Date: Tue, 28 Sep 2021 10:07:54 +0800 [thread overview]
Message-ID: <CAMZc-byPAQN1AtwHNufERwgC0RVXAR03uGs6XuVQJjNOGT5i5A@mail.gmail.com> (raw)
In-Reply-To: <CAFiYyc1hqHom267SivKWgfoeGAwhrLRyD+zi6oEdw1okZX20Pg@mail.gmail.com>
On Mon, Sep 27, 2021 at 8:53 PM Richard Biener
<richard.guenther@gmail.com> wrote:
>
> On Fri, Sep 24, 2021 at 1:26 PM liuhongt <hongtao.liu@intel.com> wrote:
> >
> > Hi:
> > Related discussion in [1] and PR.
> >
> > Bootstrapped and regtest on x86_64-linux-gnu{-m32,}.
> > Ok for trunk?
> >
> > [1] https://gcc.gnu.org/pipermail/gcc-patches/2021-July/574330.html
> >
> > gcc/ChangeLog:
> >
> > PR target/102464
> > * config/i386/i386.c (ix86_optab_supported_p):
> > Return true for HFmode.
> > * match.pd: Simplify (_Float16) ceil ((double) x) to
> > __builtin_ceilf16 (a) when a is _Float16 type and
> > direct_internal_fn_supported_p.
> >
> > gcc/testsuite/ChangeLog:
> >
> > * gcc.target/i386/pr102464.c: New test.
> > ---
> > gcc/config/i386/i386.c | 20 +++++++-----
> > gcc/match.pd | 28 +++++++++++++++++
> > gcc/testsuite/gcc.target/i386/pr102464.c | 39 ++++++++++++++++++++++++
> > 3 files changed, 79 insertions(+), 8 deletions(-)

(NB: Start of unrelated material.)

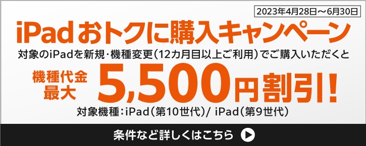 <概要>対象のiPadを新規契約または機種変更で購入の際に機種代金から最大5,500円を割り引きます。

> > create mode 100644 gcc/testsuite/gcc.target/i386/pr102464.c
> >
> > diff --git a/gcc/config/i386/i386.c b/gcc/config/i386/i386.c
> > index ba89e111d28..3767fe9806d 100644
> > --- a/gcc/config/i386/i386.c
> > +++ b/gcc/config/i386/i386.c
> > @@ -23582,20 +23582,24 @@ ix86_optab_supported_p (int op, machine_mode mode1, machine_mode,
> > return opt_type == OPTIMIZE_FOR_SPEED;
> >
> > case rint_optab:
> > - if (SSE_FLOAT_MODE_P (mode1)
> > - && TARGET_SSE_MATH
> > - && !flag_trapping_math
> > - && !TARGET_SSE4_1)
> > + if (mode1 == HFmode)
> > + return true;
> > + else if (SSE_FLOAT_MODE_P (mode1)
> > + && TARGET_SSE_MATH
> > + && !flag_trapping_math
> > + && !TARGET_SSE4_1)
> > return opt_type == OPTIMIZE_FOR_SPEED;
> > return true;
> >
> > case floor_optab:
> > case ceil_optab:
> > case btrunc_optab:
> > - if (SSE_FLOAT_MODE_P (mode1)
> > - && TARGET_SSE_MATH
> > - && !flag_trapping_math
> > - && TARGET_SSE4_1)
> > + if (mode1 == HFmode)
> > + return true;
> > + else if (SSE_FLOAT_MODE_P (mode1)
> > + && TARGET_SSE_MATH
> > + && !flag_trapping_math
> > + && TARGET_SSE4_1)
> > return true;
> > return opt_type == OPTIMIZE_FOR_SPEED;
> >
> > diff --git a/gcc/match.pd b/gcc/match.pd
> > index a9791ceb74a..9ccec8b6ce3 100644
> > --- a/gcc/match.pd
> > +++ b/gcc/match.pd
> > @@ -6191,6 +6191,34 @@ DEFINE_INT_AND_FLOAT_ROUND_FN (RINT)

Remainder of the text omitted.